# Cleaning your tools in the dishwasher?



## gigisiguenza (Aug 9, 2015)

I've seen so many different answers to the "how to clean up your soap making tools" on the web that include putting them in the dishwasher. So far, I've not done it. I've wiped out bowls and wiped off spatulas, then tossed them in a box in the closet to be cleaned another day. My logic has been it gives the soap residue time to harden and I can scrape it off then hand wash everything in the sink. 

This has worked of course, but I really don't like leaving them like that because a) I don't like the mess in the closet like a chore still waiting to be done, and b) it means before I can make soap again, I have to spend a good deal of time cleaning first, which just plain sucks.

How do you clean up, and is it safe (after wiping out off) to put it all in the dishwasher alone and run it?

Gigi


----------



## cmzaha (Aug 9, 2015)

I wipe all my buckets and tool off with my soaping rags, then I drape them over a bucket for a day or so until they become coated with soap, then wash in the washer. I then add some degreaser with my commercial grade dish soap and wash up everything. It is just impossible for me to leave soapy dirty utensils. Took me a long time to come to terms with having my rags draped over a bucket to finish saponifying. I have never put them in my dishwasher because I do not want the oily residue in my dishwasher


----------



## MissBee (Aug 9, 2015)

My stick blender says not to put the blendy bit in the dishwasher.


----------



## gigisiguenza (Aug 9, 2015)

Cmzaha - I hadn't thought of that with regards to the soaping rags. Good idea, I'll use it. And I'm like you, it bothers me to leave all my tools dirty. What degreaser do you use? I will look for one when I go shopping this week  And the oily residue in the dishwasher was my concern and why I haven't tried it yet. I have no desire to have it spring a leak all over.

MissBee - Mine is SS, and I wouldn't want to put it in the dishwasher either. I've just filled a pitcher with hot water and pulsed it a bit to free up the batter that might be in the nooks and crannies, then wiped it down really well so it's clean and ready for next time. 
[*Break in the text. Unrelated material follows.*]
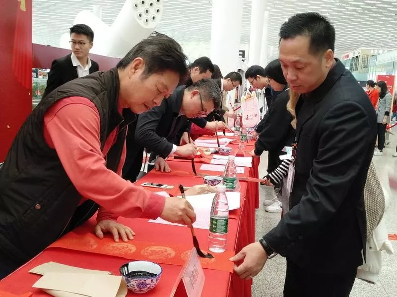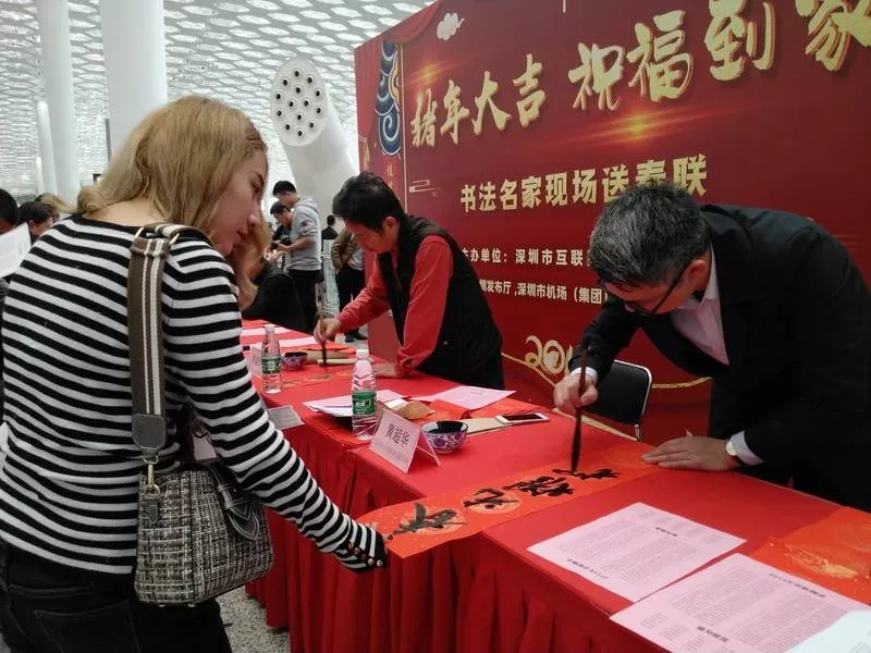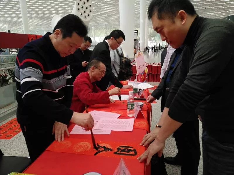 寶安區(qū)書法家協(xié)會(huì)主席李高揚(yáng)介紹,在機(jī)場(chǎng)送春聯(lián)很有意義,可以給全國(guó)各地的朋友們送上新年祝福。這次深圳發(fā)布廳攜手深圳機(jī)場(chǎng)舉辦活動(dòng),寶安區(qū)書法家協(xié)會(huì)集結(jié)高手出動(dòng)為群眾服務(wù),為市民送去祝福。他祝大家新春快樂(lè),闔家幸福。

The ease of cleaning up my SB has me seriously considering getting SS pitchers for my soaping, just because they are so much easier to clean.


----------



## cmzaha (Aug 9, 2015)

I purchase my degreaser from either Home Depot, or Smart & Final. Simple Green is also good, I just find the others a little less expensive and are still commercial grade. It is funny, I am not fanatical about many things, but dirty dishes and un-made beds drive me nuts


----------



## spenny92 (Aug 9, 2015)

Hm. This thread has me worried that I'm washing up wrong! As soon as I've finished soaping, I run the kitchen sink tap so it's scalding hot and scrub everything as it is. Is there an issue with doing it this way with regards to the unsaponified soap/oils going down the drain, maybe a blockage possibility? At least I've always got lye handy if that does happen!


----------



## Susie (Aug 9, 2015)

Sam's also has some good degreaser if you have a membership.


----------



## Susie (Aug 9, 2015)

spenny92 said:


> Hm. This thread has me worried that I'm washing up wrong! As soon as I've finished soaping, I run the kitchen sink tap so it's scalding hot and scrub everything as it is. Is there an issue with doing it this way with regards to the unsaponified soap/oils going down the drain, maybe a blockage possibility? At least I've always got lye handy if that does happen!



Yes, there is the risk of stopping up the sink, not to mention live lye still in that batter in your sink.  If you are like me, and can't wait, use rags or paper towels to wipe everything as clean as you can get it before it goes into dish water.


----------



## commoncenz (Aug 9, 2015)

spenny92 said:


> Hm. This thread has me worried that I'm washing up wrong! As soon as I've finished soaping, I run the kitchen sink tap so it's scalding hot and scrub everything as it is. Is there an issue with doing it this way *with regards to the unsaponified soap/oils going down the drain, maybe a blockage possibility?* At least I've always got lye handy if that does happen!



You got it. Answered your own question there. The oils can leave a residue in your pipes that over time will lead to slowed draining or clogs. I've had to run a little lye down the drains every once in awhile to counteract this.


----------



## TeresaT (Aug 9, 2015)

I wipe everything off with paper towels.  Once the majority of the batter is off of everything, I use my shop towels to wipe them off again.  Then I wash everything with dishwashing liquid and put them on the dish racks to dry.  I rinse the towels out and lay them out to dry before putting them in a bag to get washed.


----------



## spenny92 (Aug 9, 2015)

commoncenz said:


> You got it. Answered your own question there. The oils can leave a residue in your pipes that over time will lead to slowed draining or clogs. I've had to run a little lye down the drains every once in awhile to counteract this.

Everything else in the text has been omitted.